Members of the ‘Omar Gomez’ Western War Front of the National Liberation Army (ELN) guerrilla line up in their camp on the banks of the San Juan River, Choco department, Colombia, on November 21, 2017.
© 2017 Luis Robayo/AFP/Getty Images
(Washington, DC) – The Colombian armed group known as the National Liberation Army (ELN) should unconditionally release all kidnapped people and reveal what happened to any who have died, Human Rights Watch said today.
Peace talks between the Colombian government and the ELN have been suspended since President Iván Duque took office in August 2018. Duque has said his government is willing to reinitiate talks if the group halts kidnappings, releases all captives, and “ends its criminal activities.” On October 19, Pablo Beltran, the ELN commander who heads the group’s negotiating team, told reporters that releases should be discussed at the negotiating table.
“Vulnerable communities across Colombia suffer terrible abuses at the hands of the ELN, and a peace agreement could eventually bring relief,” said José Miguel Vivanco, Americas director at Human Rights Watch. “But stalled negotiations are no excuse for holding civilians hostage.”
The number of people the group is holding is unclear. On October 18, the government’s high commissioner for peace, Miguel Ceballos, told reporters that the ELN is holding “more than 10” people kidnapped. Several newspapers have released lists of 10 people reportedly kidnapped. They include several who, according to press reports, could have died in ELN custody. Among them is Javier Enrique Alvernia González who was kidnapped in January 2014. A police commander told the press in 2016 that he had died in custody.
Beltran said in an interview that some of the 10 cases had been “falsely attributed” to the ELN. He did not clarify which.
In April, “Pablito,” an ELN commander in the eastern province of Arauca, told reporters that his troops were holding José Leonardo Ataya Rodríguez, a public utility manager in Arauca, and Rafael Andrés Riaño Barrero, an employee of the oil company Ismocol. Ataya’s father told reporters that he had visited a guerrilla camp in Venezuela to negotiate his son’s release.
On October 24, Ceballos announced two more kidnapping victims for whom Colombian security forces hold the ELN responsible: Diana Maria Toro Vélez, a businesswoman who was kidnapped on September 27 in the Amaga municipality, and Fredy Arlendy Rangel Carmona, a security worker in a commercial firm, who was kidnapped on July 24, in the Andagoya municipality. The ELN has not claimed responsibility in these cases.
The ELN has repeatedly engaged in kidnappings. On September 7, for example, the group kidnapped 15-year-old Mayerli Cortés Rodríguez, whom it accused of being a government informant. She was released on September 19.

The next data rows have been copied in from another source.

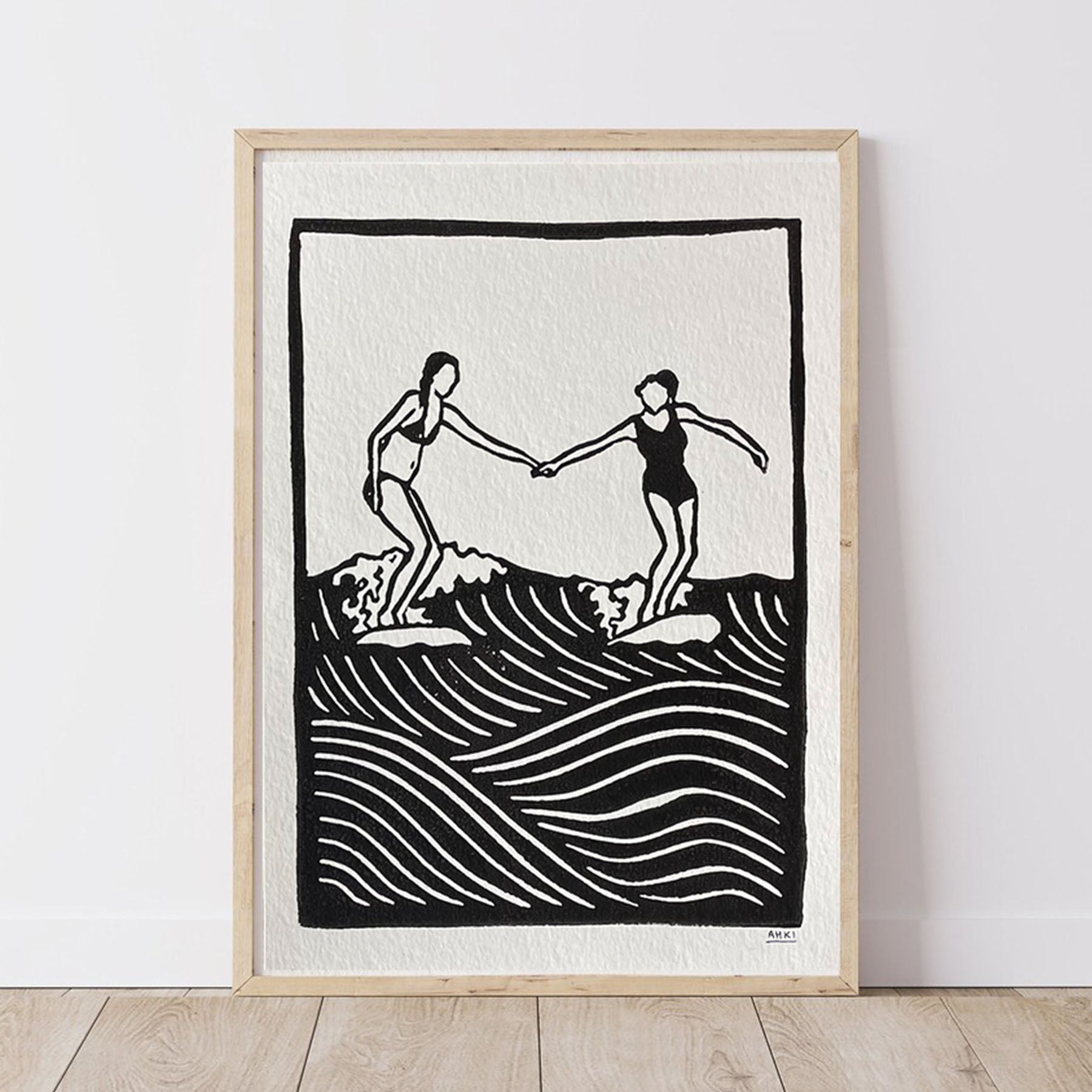 Keywords: surfer girl art, coastal home decor, surf print, handmade Australian art, ocean lover gift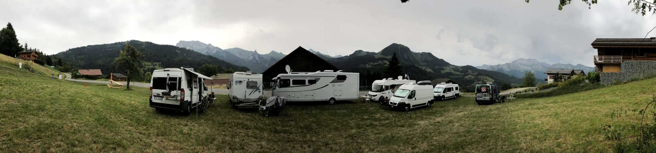 We spot a nice grassy corner 2 klm above Manigod at the 5 klm marker. We go over the road and chat with the lady who owns the property and she says we are welcome to stay.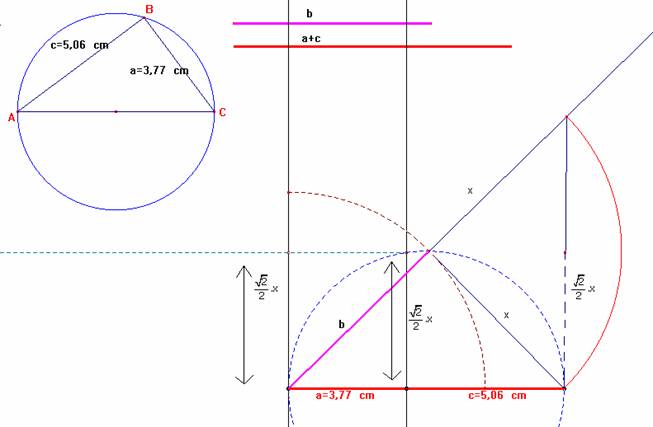 En el triángulo rectángulo ABC a construir tenemos que son conocidas la hipotenusa b y la suma de los catetos a+c. De la relación pitagórica (a+c)2 − b2 = 2∙a∙c, podemos construir el segmento x de modo que x2=2∙a∙c y así el segmento de medida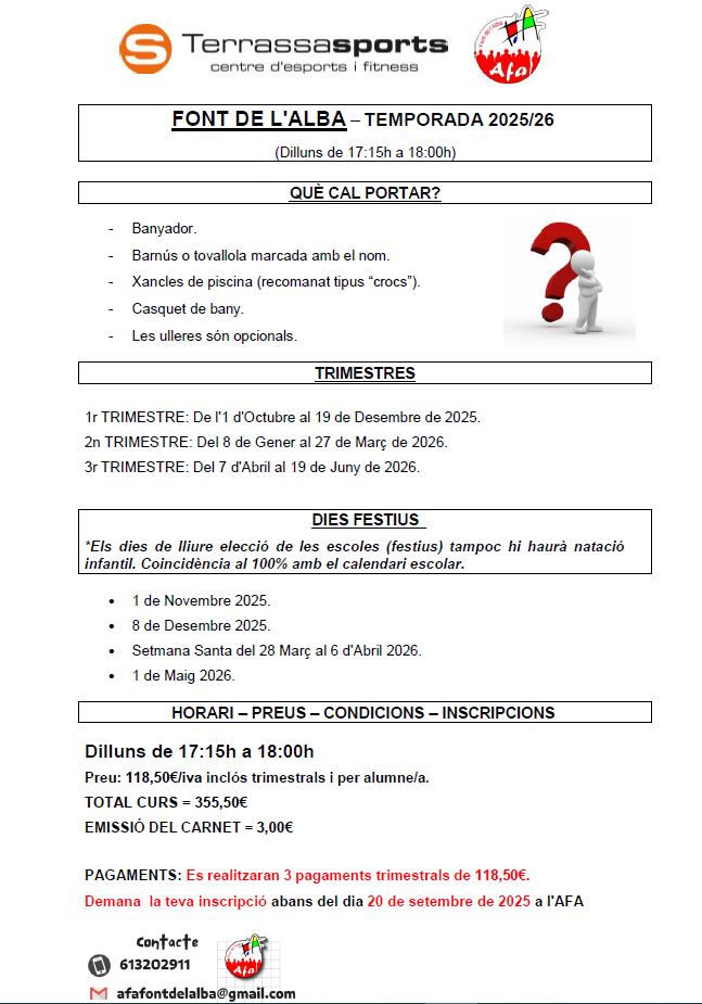 Podeu lliurar les inscripcions a les bústies de l’AFA (a les portes), a la safata del mostrador de l’escola o , per totes les activitats excepte piscina, les podeu enviar al correu electrònic ob.fontdelalba@gmail.com.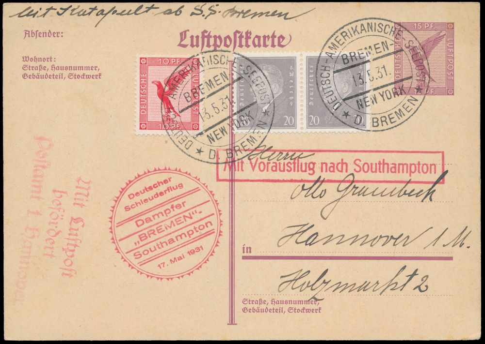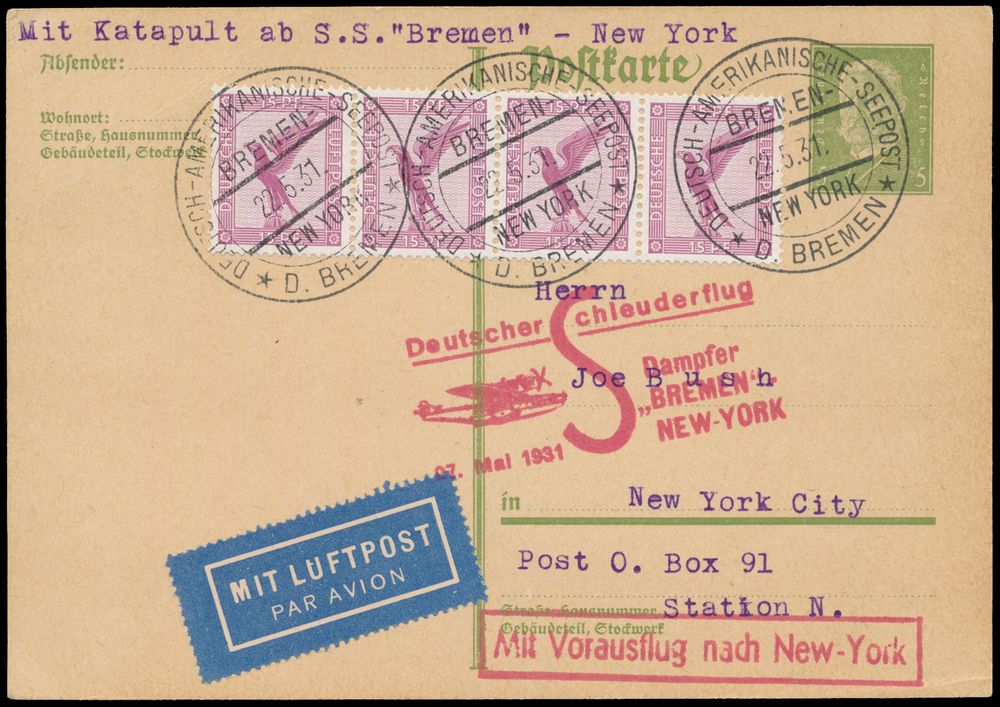 5pf postcard sent to New York and up-rated with a 15pf airmail strip of 4 (Michel A379), carried aboard the "Bremen" and stamps cancelled with the special postmark, catapult flight cachet in red alongside, vf(Image 1)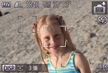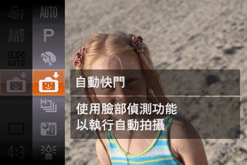 | 偵測到笑臉後自動拍攝 [笑臉] ![]() | 即使沒有按快門按鈕,相機偵測到笑臉後亦會自動進行拍攝。 | 1.選擇拍攝模式後,相機進入拍攝待機模式,並會顯示 [正在偵測笑臉]。 2.將相機對準人物。 - 每次相機偵測到笑臉, 都將在指示燈亮起後進行拍攝。 - 要暫停笑臉偵測,按 按鈕。再次按 按鈕恢復偵測。 |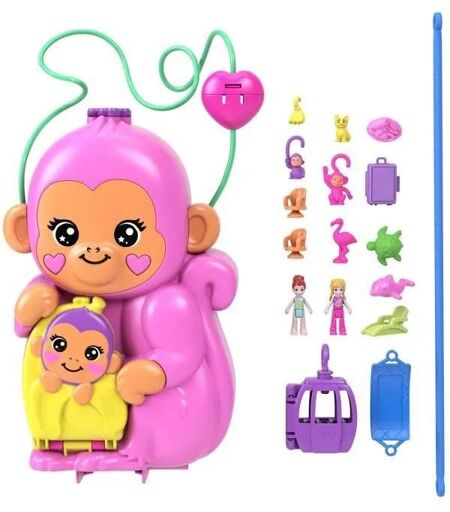 Amusez-vous comme des petits fous avec ce coffret Maman Singe et Son Bébé de Polly Pocket ! Ce coffret 2 en 1 vous réserve une multitude d'aventures ! Le mini-coffret bébé singe se blottit dans la poche de sa maman. Les deux coffrets s'ouvrent pour dévoiler des décors sur le thème de la jungle. L'ensemble comprend 2 mini-figurines et 12 accessoires, dont d'adorables singes. Passez d'un coffret à l'autre avec le téléphérique, plongez dans la piscine, balancez-vous sur le hamac ou dégustez des bananes dans la jungle des bébés singes. Idéal pour s'amuser en voyage : rangez les coffrets et transportez-les sur l'épaule à l'aide de la lanière. Cadeau idéal pour les enfants de 4 ans et plus, surtout s'ils aiment la jungle et partir à l'aventure avec leurs amis animaux ! Les couleurs et les décorations peuvent varier. C'est la folie dans le coffret sac à main Maman Singe et Son Bébé. Le coffret bébé singe se fixe au coffret maman singe au niveau de sa poche ! Ce coffret 2 en 1 permet de s'amuser encore plus avec 2 mini-figurines, Polly et Lila, et 2 scènes de jungle. Il suffit d'ouvrir les coffrets et de les relier à l'aide du téléphérique pour encore plus d'aventure dans la jungle ! Amusez-vous dans la piscine ou détendez-vous dans le hamac avant de prendre le téléphérique pour déguster de délicieux en-cas à la banane avec vos amis dans la jungle des bébés singes. La maison qui se trouve dans le coffret de la maman singe s'ouvre sur deux étages. Elle abrite un lit et une table à manger. Une lanière permet de transporter le coffret comme un sac à main pour emmener la maman singe et son bébé n'importe où ! Avec autant d'activités dans un coffret facile à transporter, ce coffret Polly Pocket est un cadeau idéal pour les enfants à partir de 4 ans, surtout s'ils aiment les animaux et les aventures sauvages ! Contenu de la boîte Inclut 2 coffrets de tailles différentes, 2 mini-figurines, 3 animaux et 10 accessoires. Qualités et caractéristiques environnementales Incorporation de matière recyclée : emballage comportant au moins 64% de matières recyclées en moyenne. Recyclabilité : emballage majoritairement recyclable en séparant les éléments. Attention : Ne convient pas aux enfants de moins de 36 mois. ...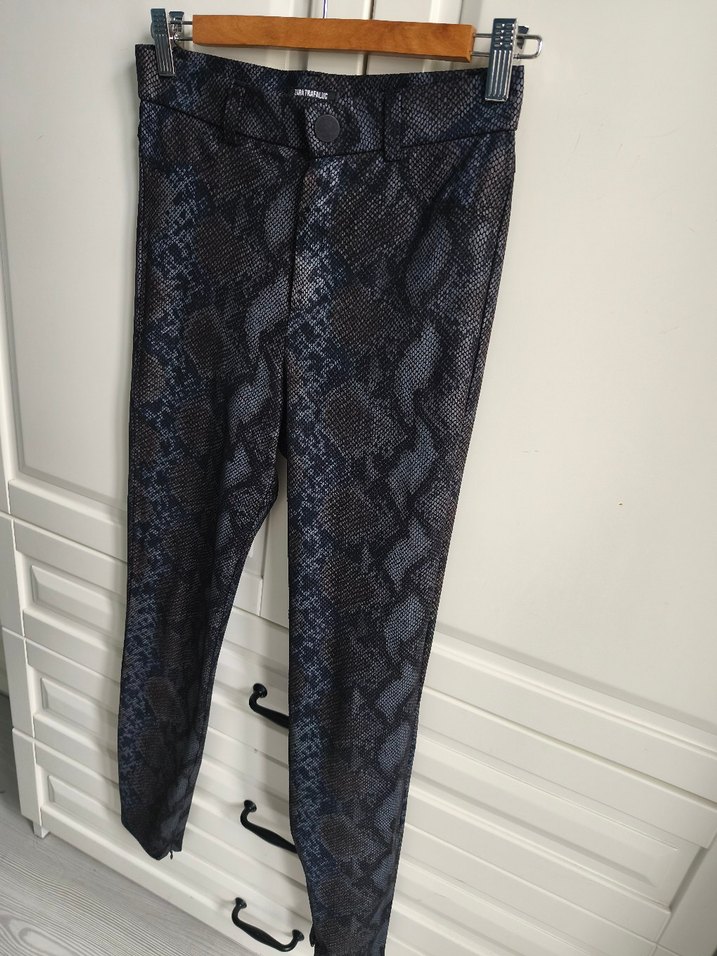 Kadınlar için yılan desenli, gri renkte, fitted kumaş pantolon. Midi boy, outdoor sokak stili için uygun.
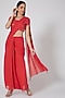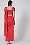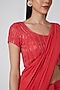 Featuring a coral pre-draped saree in viscose georgette base. It is paired with a hand embroidered stitched blouse. Accentuate it with statement jewellery and heels for a wedding, engagement or sangeet ceremony.
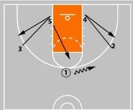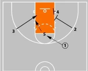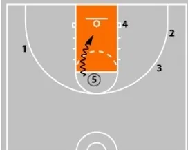Tip: The driving lane for the 5 will be to the side opposite of where the 4 is located. A quick head and shoulder fake to the left, before a spin to the right, will usually result in the 5 getting to the rim.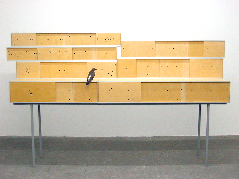 Name: Untitled (front), 2003 - wood, steel, aluminium, stuffed wood pecker, wood paneling, thermometer - variable dimensions.

The ELN has consistently held that international humanitarian law (IHL) does not prohibit kidnappings. On September 21, the group tweeted that “kidnappings do not exist under IHL. Detention of soldiers, police, and contractors on behalf of the ELN is a legitimate action.” Similarly, in April, “Pablito” told reporters that the ELN has a “right to retain people for economic or political purposes” because it is an “insurgent revolutionary organization.” He added, “If [the government] doesn’t want us to retain people, let’s find an agreement, that’s a task for the [negotiating] table.”
The abduction of civilians, commonly referred to as kidnapping in Colombia and labeled “retention” by the ELN, is a violation of international humanitarian law. Detaining someone to compel another party to take action to obtain their release is hostage-taking, which is a war crime, Human Rights Watch said.
“International humanitarian law prohibits hostage taking,” Vivanco said. “This obligation is one that cannot be open to negotiation.”